An optimistic point of view on classification (Slides)

Classification rules can be severely affected by the presence of disturbing observations in the training sample. Looking for an optimal classifier with such data may lead to unnecessarily complex rules. So, simpler effective classification rules could be achieved if we relax the goal of fitting a good rule for the whole training sample but only consider a fraction of the data. In this paper we introduce a new method based on trimming to produce classification rules with guaranteed performance on a significant fraction of the data. The take-away message will be : try to be otpmistic. If the data are too far from your model, then remove the data. In particular we adresse medical data. This work is a joint work with E. del Barrio and M. Agullo-Marin from university of Valladolid.

KL-UCB algorithms over P[0,1], an asymptotic and minimax analysis (Slides)

We will introduce some UCB (upper confidence bound) algorithms to solve bandit problems. In particular we will present how to turn an upper confidence bound on the mean of a random variable into an efficient algorithm, in a parametric and non-parametric setting. The non-parametric upper confidence bound are inspired from the empirical likelihood methods.

Post hoc inference via joint family-wise error rate control (Slides)

The goal of this work is to devise multiple testing procedures providing a statistical guarantee on any candidate set of hypotheses, including user-defined and/or data-driven candidate sets. We introduce a general methodology relying on the control of a multiple testing error rate that we call the joint Family-Wise Error Rate (JER). Our construction generalizes existing so-called "post hoc" procedures under positive dependence proposed by Goeman and Solari (Statistical Science, 2011). We propose a generic approach to build JER-controlling procedures in the situation where the joint null distribution of the test statistics is known or can be sampled from. Our theoretical statements are supported by numerical experiments. This is joint work with Gilles Blanchard and Etienne Roquain. A preprint is available at:

Quasi-stationarity with moving boundaries (Slides)

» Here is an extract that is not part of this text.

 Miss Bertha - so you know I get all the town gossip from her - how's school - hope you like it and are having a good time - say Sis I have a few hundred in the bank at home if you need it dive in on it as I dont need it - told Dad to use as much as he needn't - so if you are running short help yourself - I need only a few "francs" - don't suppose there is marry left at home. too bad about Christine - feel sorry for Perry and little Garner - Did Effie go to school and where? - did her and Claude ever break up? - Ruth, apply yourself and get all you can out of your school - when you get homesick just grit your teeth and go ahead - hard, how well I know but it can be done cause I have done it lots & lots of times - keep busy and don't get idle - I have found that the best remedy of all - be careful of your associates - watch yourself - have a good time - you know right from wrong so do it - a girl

The goal will be to understand if we can extend quasi-stationarity (and all the other associated notions) considering moving absorbing boundaries. First of all, we will define the notions related with quasi-stationarity in the non-moving case which will be relevant for the lecture. Then some results of existence (or non existence) of these notions will be given in the case where the boundaries move periodically.

Completing partially observed random point patterns (Slides)

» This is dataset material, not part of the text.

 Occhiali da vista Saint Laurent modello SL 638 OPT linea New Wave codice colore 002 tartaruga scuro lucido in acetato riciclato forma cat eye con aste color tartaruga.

Starting from a partial observation of a random point configuration, we want to infer on the entire configuration. We link the related conditional distributions to integration-by-parts formulas. The latter describe how to add single points to a point configuration. We show that both mechanisms are essentially equivalent.

Collective motion of living organisms: the Vicsek model (Slides)

In this talk we will present the Vicsek model for self-driven particles, in particular its time-continuous version. We will study its mean-field limit, as well as the large-scale behaviour of the model. In particular, we find that the equilibrium distributions change according to whether the density is above or below a given threshold. We will also present a generalization of the classic model, with the interaction of two different populations.